Calamarigraphy? Aquarium gets silly with weird squid facts
The Monterey Bay Aquarium offers up a thing that makes you go hmm.
Ah, squid. To marine biologists, they're fascinating life forms. To many others, they're appetizers. But we can all agree the Monterey Bay Aquarium in California knows how to make them sound utterly captivating.
The aquarium took to Twitter on Monday to casually mention that squid have an ink sac and an internal shell called a "pen."
"So we're living just a few short evolutionary steps away from calamarigraphy and honestly there goes the rest of today," the aquarium declared.
But there's more. The aquarium then shared a video of the removal of the pen, a long, thin translucent internal shell, from a market squid in the facility's food preparation room.

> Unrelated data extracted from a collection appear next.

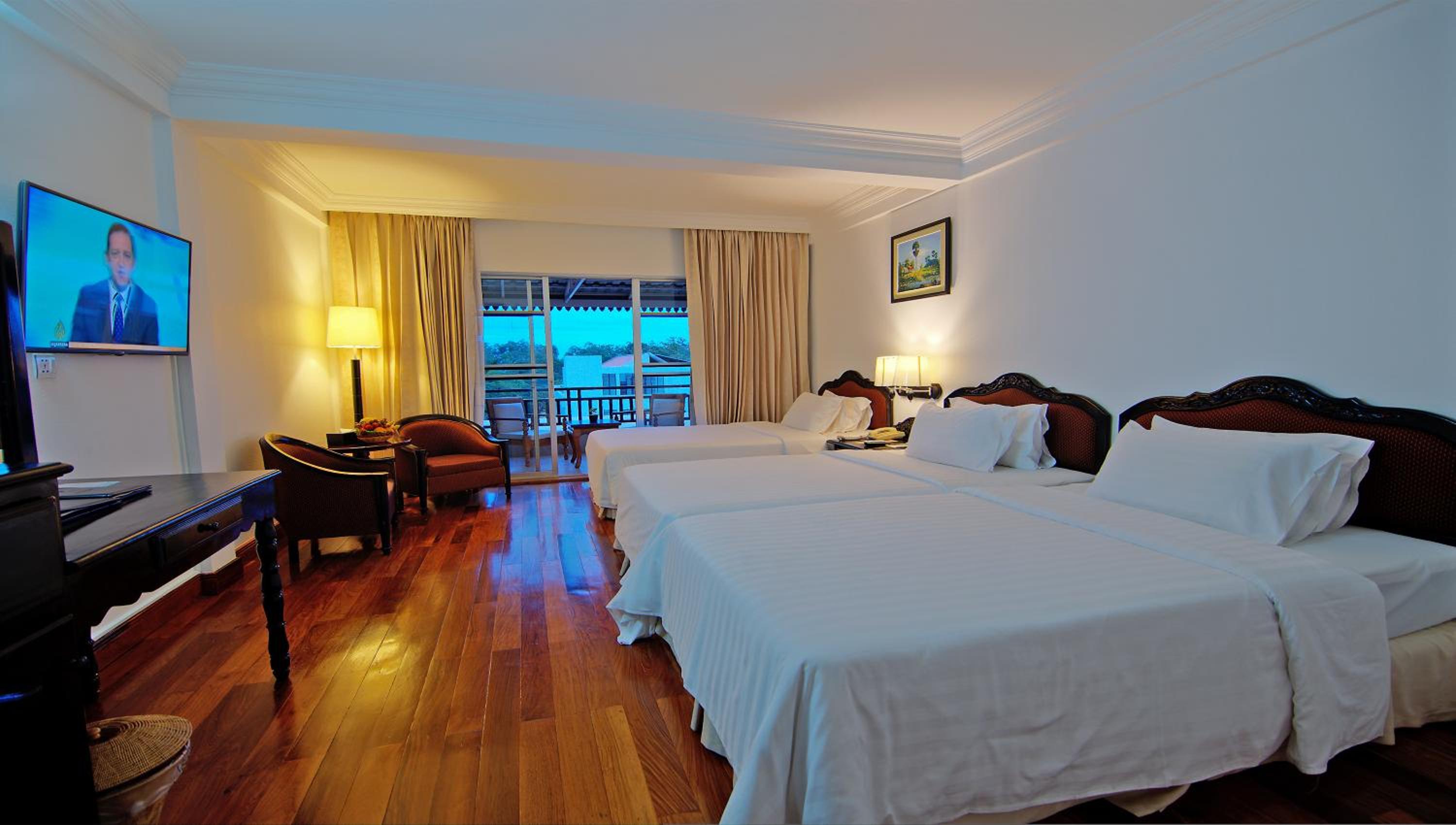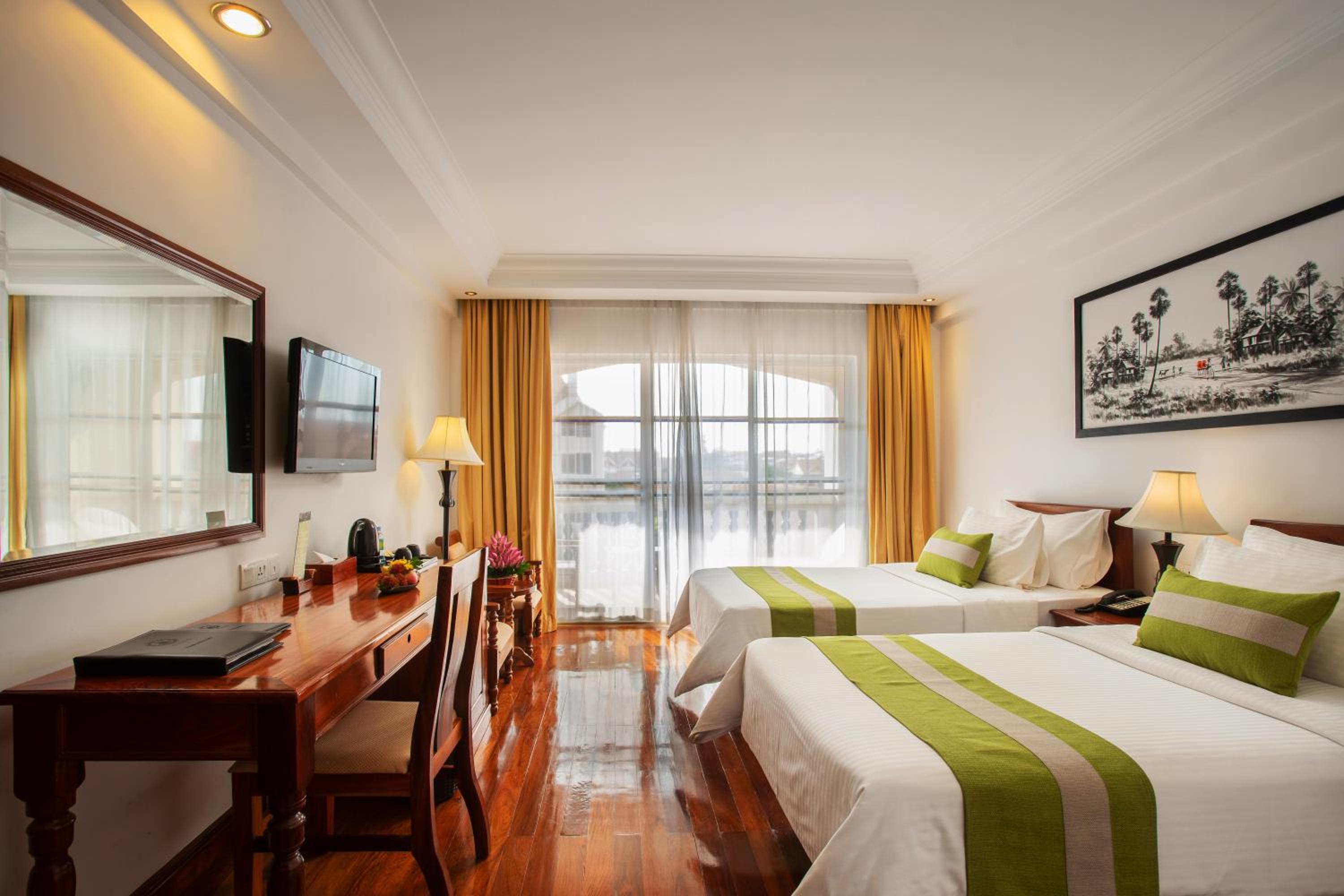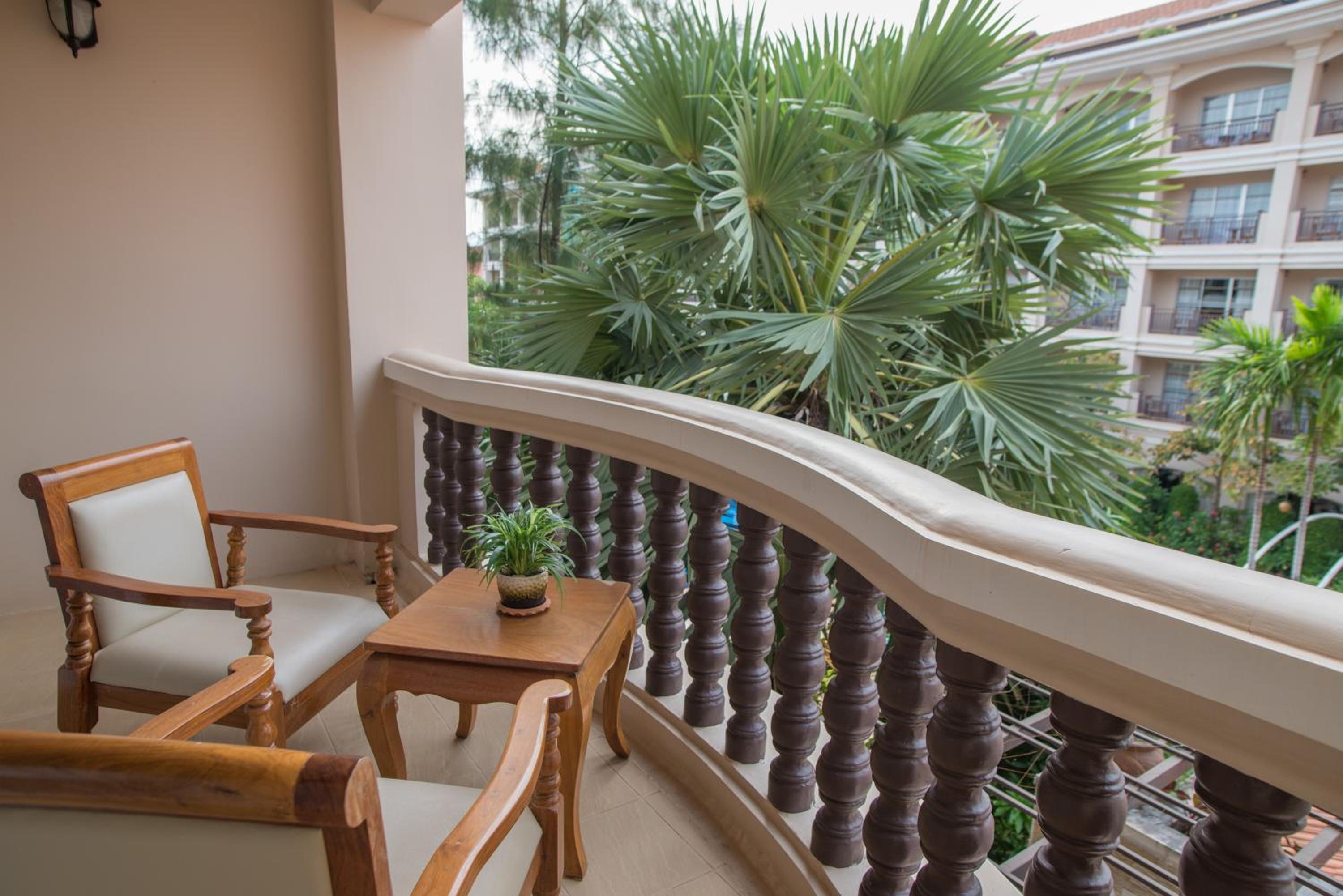 Hotel Somadevi Angkor Resort & Spa offers elegant rooms with hardwood flooring, private balconies, and modern amenities like cable TV and minibars. The attached bathrooms are equipped with a bathtub and separate shower, ensuring a comfortable stay for all guests.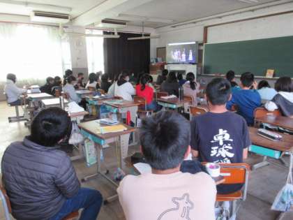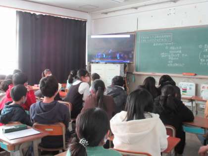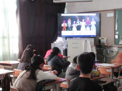 6年生は、各教室で劇団四季ファミリーミュージカル『人間になりたがった猫』の演劇鑑賞をしました。一幕約65分、第2幕約55分の舞台でした。歌あり踊りあり、「人間とは・・」「苦しいことも乗り越える」などのメッセージが伝わる舞台で、子ども達は最後までじっくり見ていました。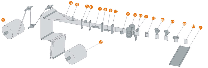 1.放拉鏈機(jī)構(gòu) 2. 放膜機(jī)構(gòu) 3.包裝膜成型 4. 拉鏈導(dǎo)向 5. 包裝膜導(dǎo)向 6. 色標(biāo)檢測(cè) 7. 上封拉鏈 8. 豎封拉鏈機(jī)構(gòu)I 9. 底封機(jī)構(gòu) 10. 豎封機(jī)構(gòu) 11.易撕口裝置 12. 伺服牽袋 13. 剪切機(jī)構(gòu) 14. 夾袋 15 開袋機(jī)構(gòu) 16. 充填I(lǐng) 17. 充填I(lǐng)I 18. 上封 19.. 成品 20. 成品輸出

"California market squid (Doryteuthis opalescens) is a sustainable seafood that we feed to our sea otters, leopard sharks and other aquarium residents," another tweet noted.

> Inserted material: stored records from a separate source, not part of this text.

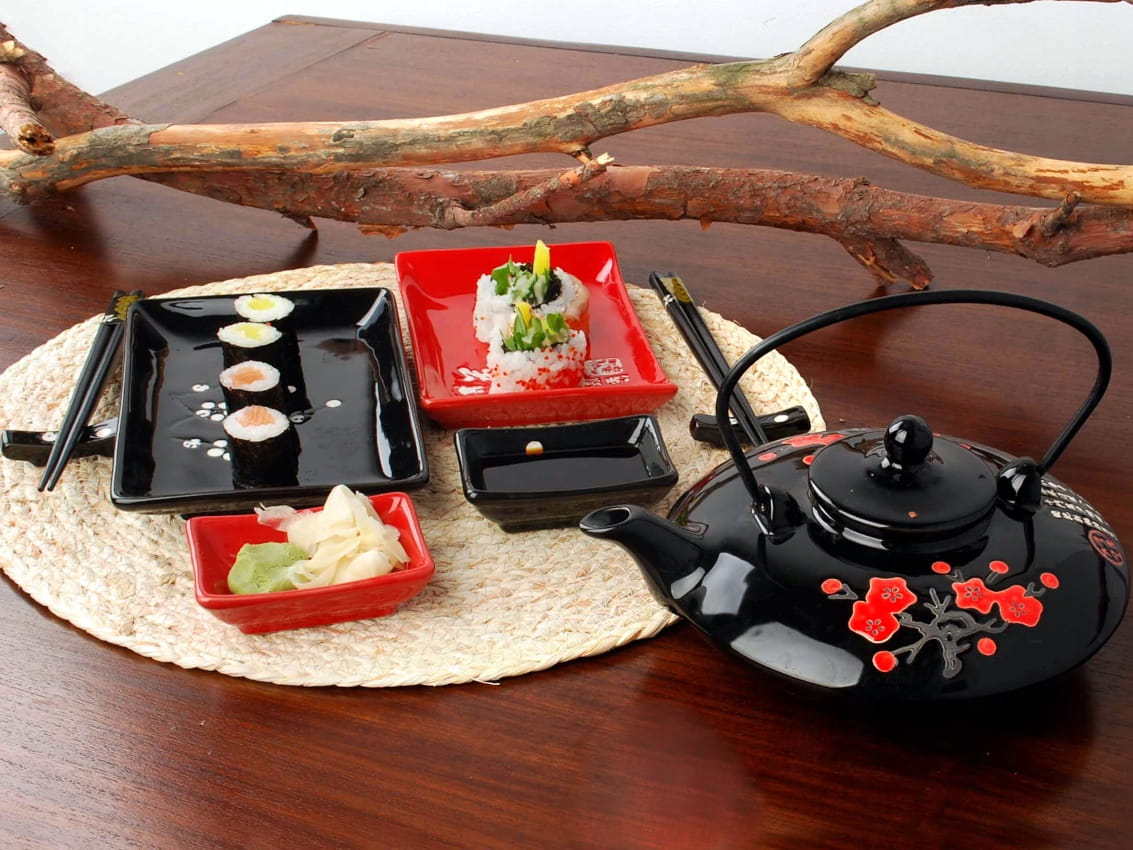 - Wykonany z wysokiej jakości ceramiki, zdobionej pięknymi czerwonymi kwiatami i białymi japońskimi napisami na czarnym tle.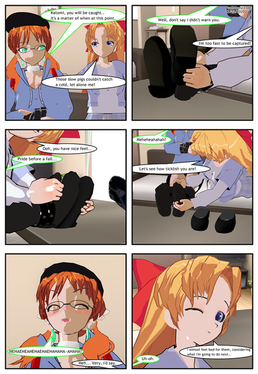 This is a recreation of 's 18th comic made back in 2011 called Shoeless, requested by This story introduced Red's infamous shoe thief Sayumi Imawano. One thing that's missing from her in the bow tie on the back of her skirt which I didn't have at the time I made this save of her. This was one of my favorite scene's from the story.Original version here-redfalcon23.deviantart.com/gal…
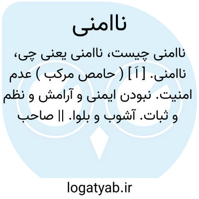 ناامنی. [ اَ ] ( حامص مرکب ) عدم امنیت. نبودن ایمنی و آرامش و نظم و ثبات. آشوب و بلوا. || صاحب منتخب اللغه در معنی دغدغه آرد: تردد و تشویش خاطر و ناامنی.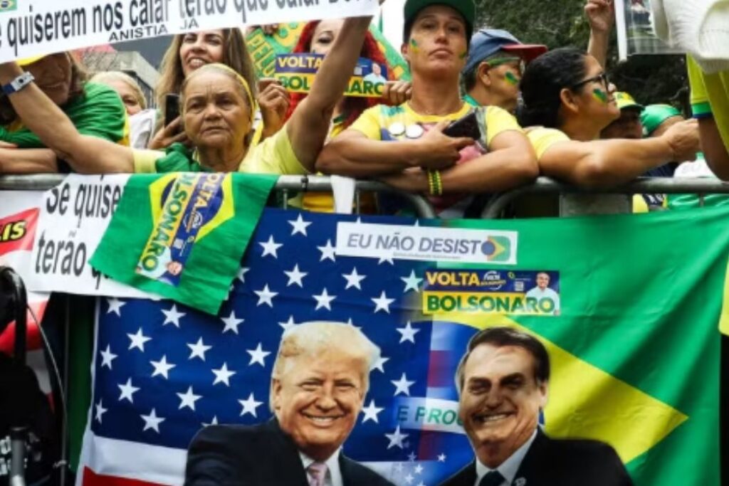 Uma enorme bandeira norte-americana foi estendida na avenida, enquanto cartazes exaltavam o ex-presidente dos EUA: “Donald Trump, thank you very much” e “SOS Trump, Bolsonaro Free”. Outros ataques foram direcionados ao ministro Alexandre de Moraes, do Supremo Tribunal Federal (STF), com dizeres como “Fora Moraes” e “ditador”.

The Monterey Bay Aquarium is known for its pun-filled Twitter feed and funny ASCII art. The account even called Apple out on the accuracy of its squid emoji late last year.
As for the obscure art of calamarigraphy, it isn't too far-fetched. Humans historically used cephalopod ink for writing and drawing, up through the 19th century, so your dream of becoming a calamarigrapher could come true.